_Exercise details_. In the material below, find the line with "团扇双面古典扇子古风半透圆形流苏女古装汉服旗袍丝质古装扇子" and the line with "会议审议并一致同意了第一届董". Output exactly those two lines and all lines between them, leaving out pictures.

_Entries supplied_.
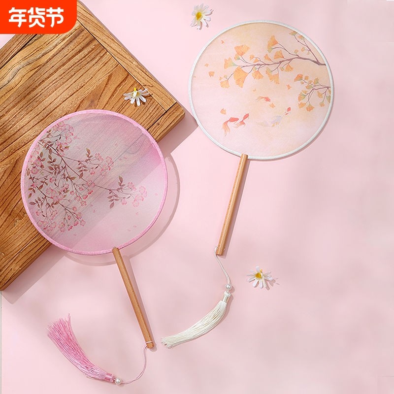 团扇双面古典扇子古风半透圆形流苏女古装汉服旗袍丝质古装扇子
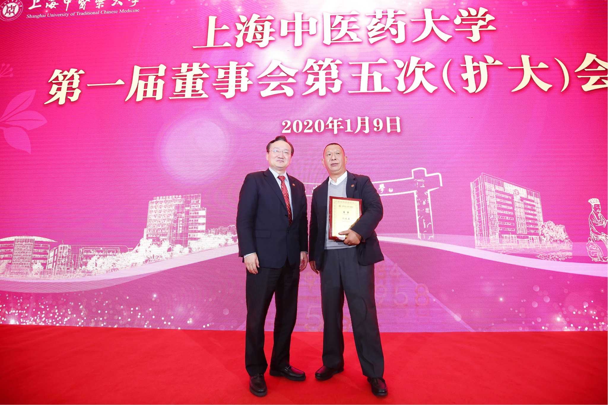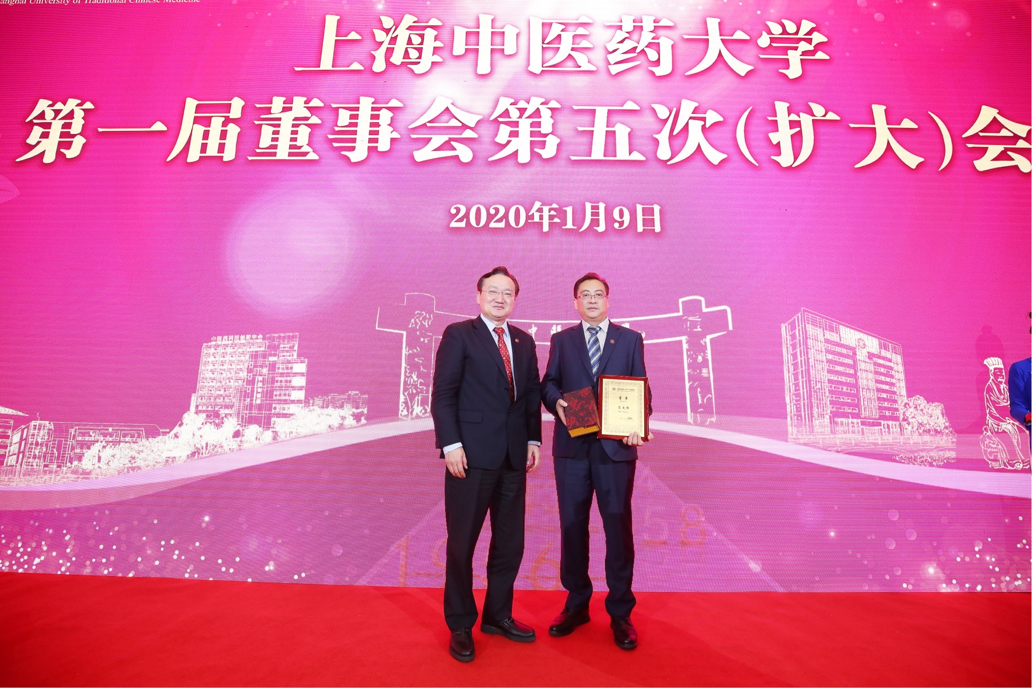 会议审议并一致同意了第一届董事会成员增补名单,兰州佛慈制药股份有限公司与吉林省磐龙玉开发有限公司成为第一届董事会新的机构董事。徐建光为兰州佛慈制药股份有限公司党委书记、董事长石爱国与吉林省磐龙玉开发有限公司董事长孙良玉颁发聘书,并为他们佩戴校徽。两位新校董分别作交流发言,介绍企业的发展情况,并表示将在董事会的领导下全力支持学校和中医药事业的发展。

...

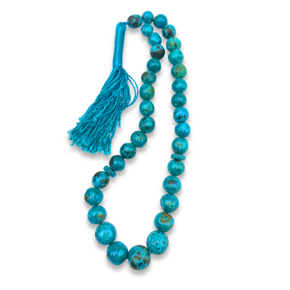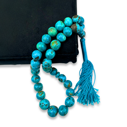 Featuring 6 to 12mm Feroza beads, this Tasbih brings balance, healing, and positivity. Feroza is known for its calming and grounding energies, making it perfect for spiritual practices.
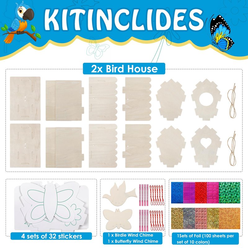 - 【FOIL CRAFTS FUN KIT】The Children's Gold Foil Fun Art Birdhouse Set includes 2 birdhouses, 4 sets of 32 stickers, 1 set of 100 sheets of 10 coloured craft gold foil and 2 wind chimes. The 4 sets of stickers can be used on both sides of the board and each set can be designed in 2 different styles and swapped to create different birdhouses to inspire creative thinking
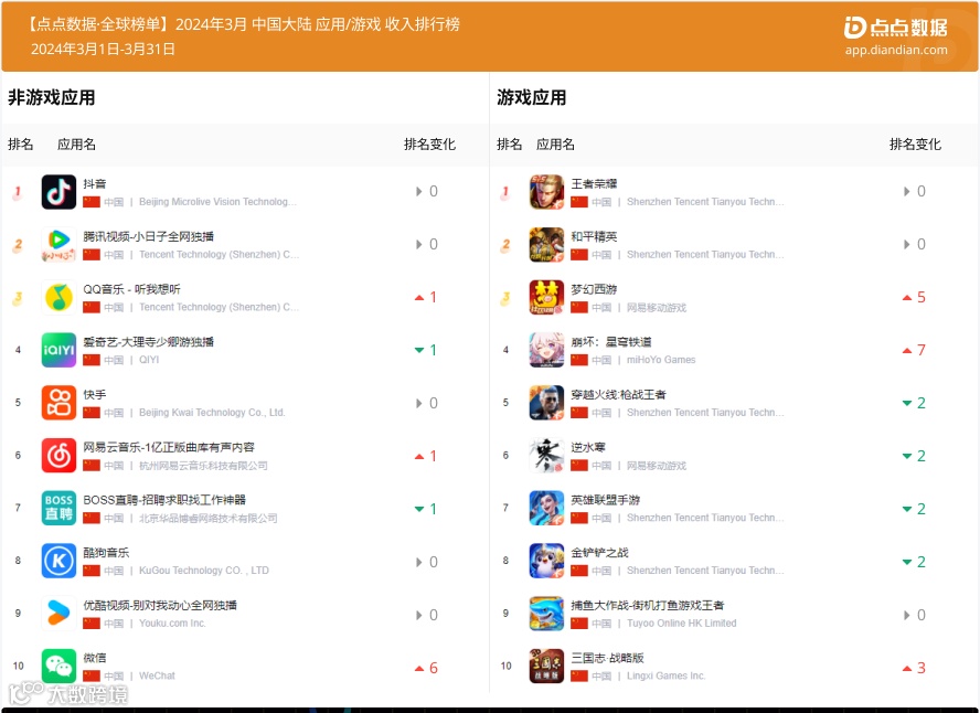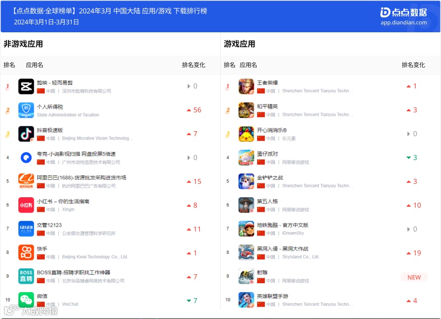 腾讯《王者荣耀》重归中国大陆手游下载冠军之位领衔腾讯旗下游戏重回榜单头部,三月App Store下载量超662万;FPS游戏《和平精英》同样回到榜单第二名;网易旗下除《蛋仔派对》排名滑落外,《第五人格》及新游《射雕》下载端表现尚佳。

* * *

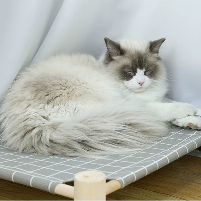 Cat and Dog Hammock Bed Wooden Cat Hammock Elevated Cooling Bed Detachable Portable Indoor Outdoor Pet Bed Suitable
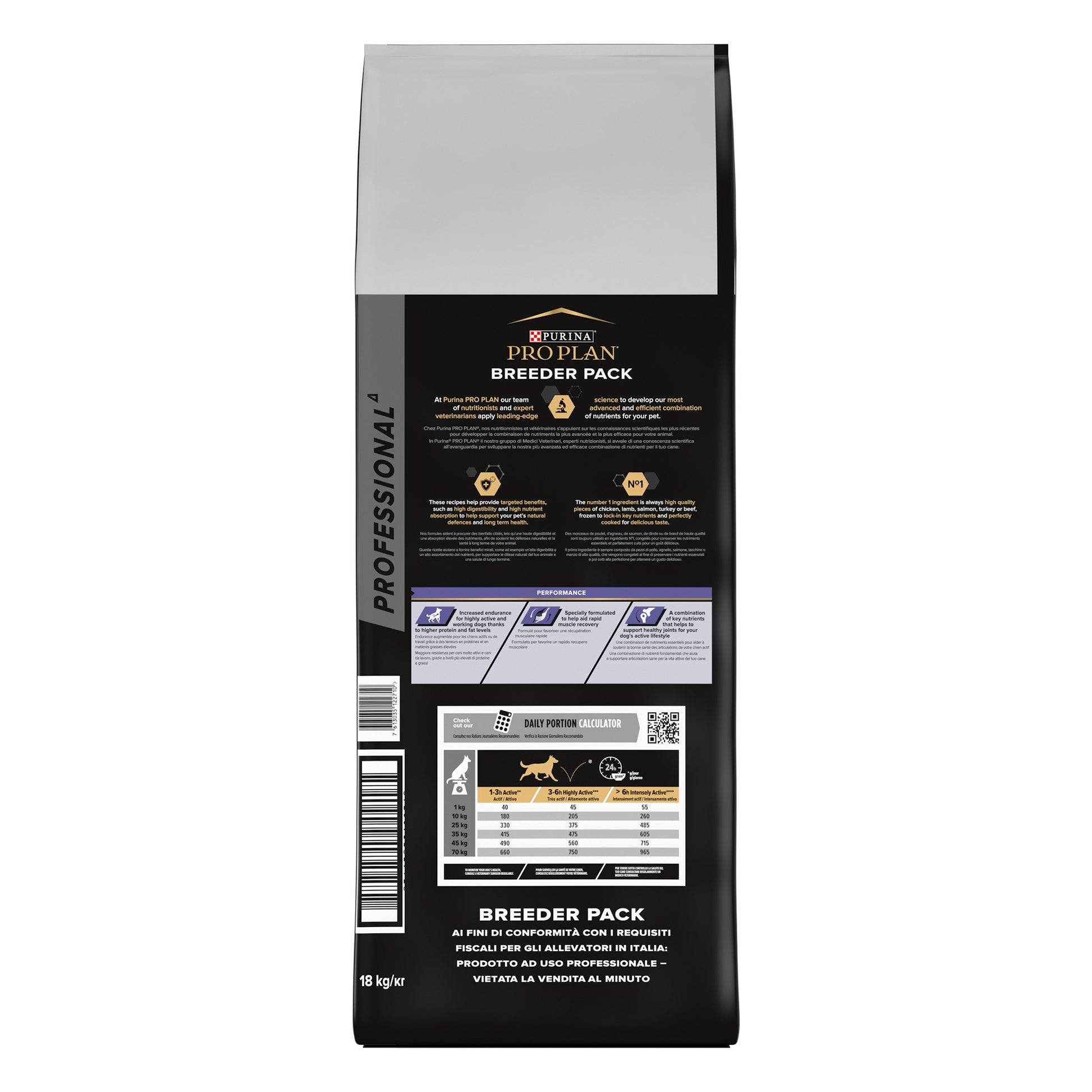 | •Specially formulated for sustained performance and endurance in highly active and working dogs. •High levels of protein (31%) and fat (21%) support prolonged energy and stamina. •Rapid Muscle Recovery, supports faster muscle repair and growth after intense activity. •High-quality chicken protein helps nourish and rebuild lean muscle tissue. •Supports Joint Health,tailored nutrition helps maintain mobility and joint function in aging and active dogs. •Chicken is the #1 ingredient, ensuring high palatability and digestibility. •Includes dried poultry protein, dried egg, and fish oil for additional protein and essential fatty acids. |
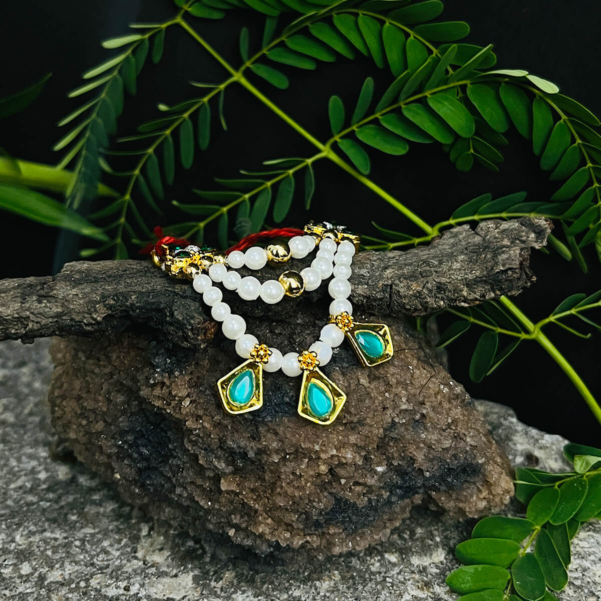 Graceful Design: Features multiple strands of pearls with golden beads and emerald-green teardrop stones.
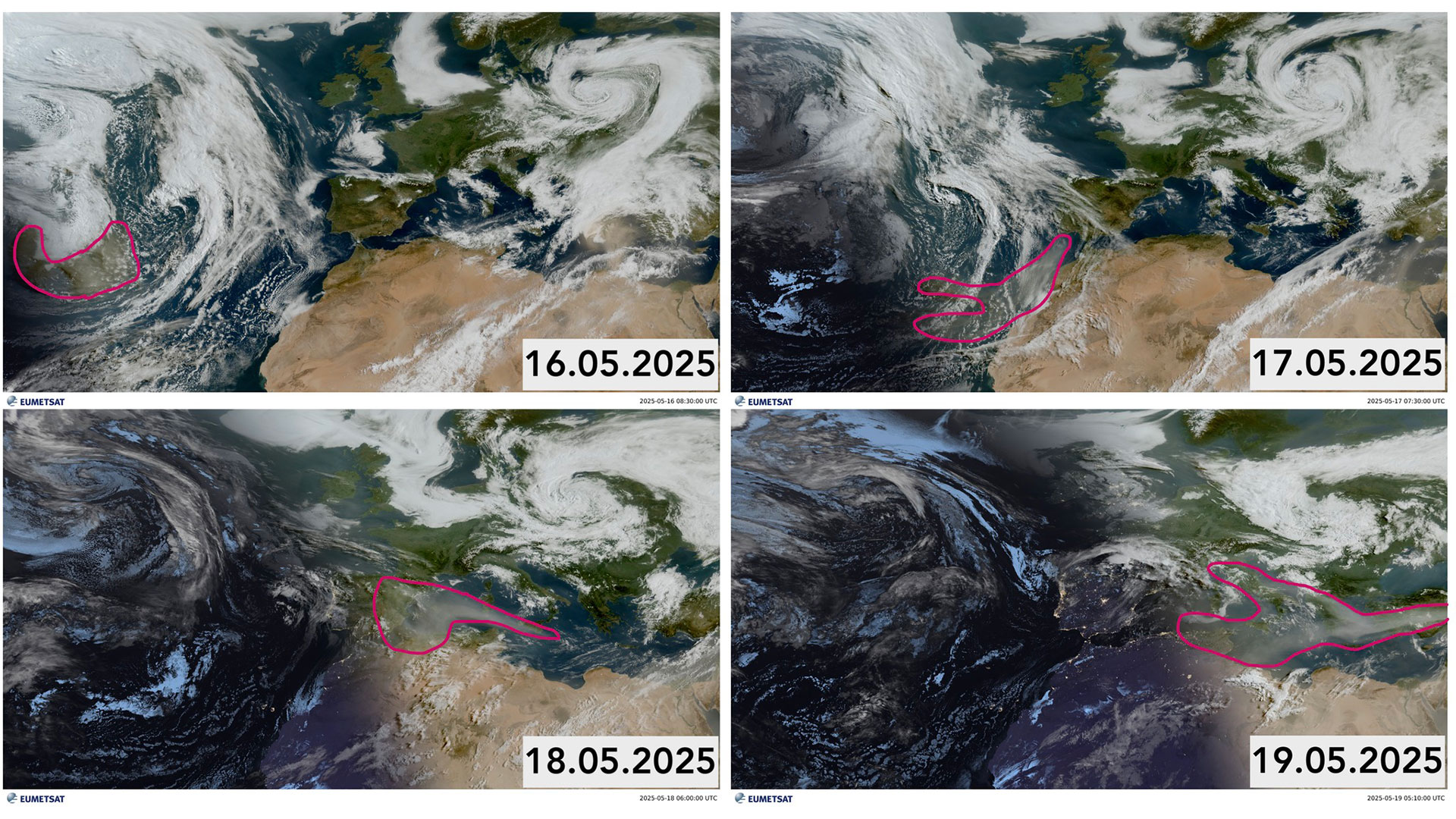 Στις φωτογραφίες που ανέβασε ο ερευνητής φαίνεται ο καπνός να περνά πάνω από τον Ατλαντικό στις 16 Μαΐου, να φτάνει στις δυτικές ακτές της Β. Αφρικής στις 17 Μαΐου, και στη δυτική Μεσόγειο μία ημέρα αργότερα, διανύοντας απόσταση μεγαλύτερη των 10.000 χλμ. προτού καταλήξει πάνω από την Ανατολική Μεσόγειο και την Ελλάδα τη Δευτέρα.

_Result for this exercise_.
 团扇双面古典扇子古风半透圆形流苏女古装汉服旗袍丝质古装扇子
 会议审议并一致同意了第一届董事会成员增补名单,兰州佛慈制药股份有限公司与吉林省磐龙玉开发有限公司成为第一届董事会新的机构董事。徐建光为兰州佛慈制药股份有限公司党委书记、董事长石爱国与吉林省磐龙玉开发有限公司董事长孙良玉颁发聘书,并为他们佩戴校徽。两位新校董分别作交流发言,介绍企业的发展情况,并表示将在董事会的领导下全力支持学校和中医药事业的发展。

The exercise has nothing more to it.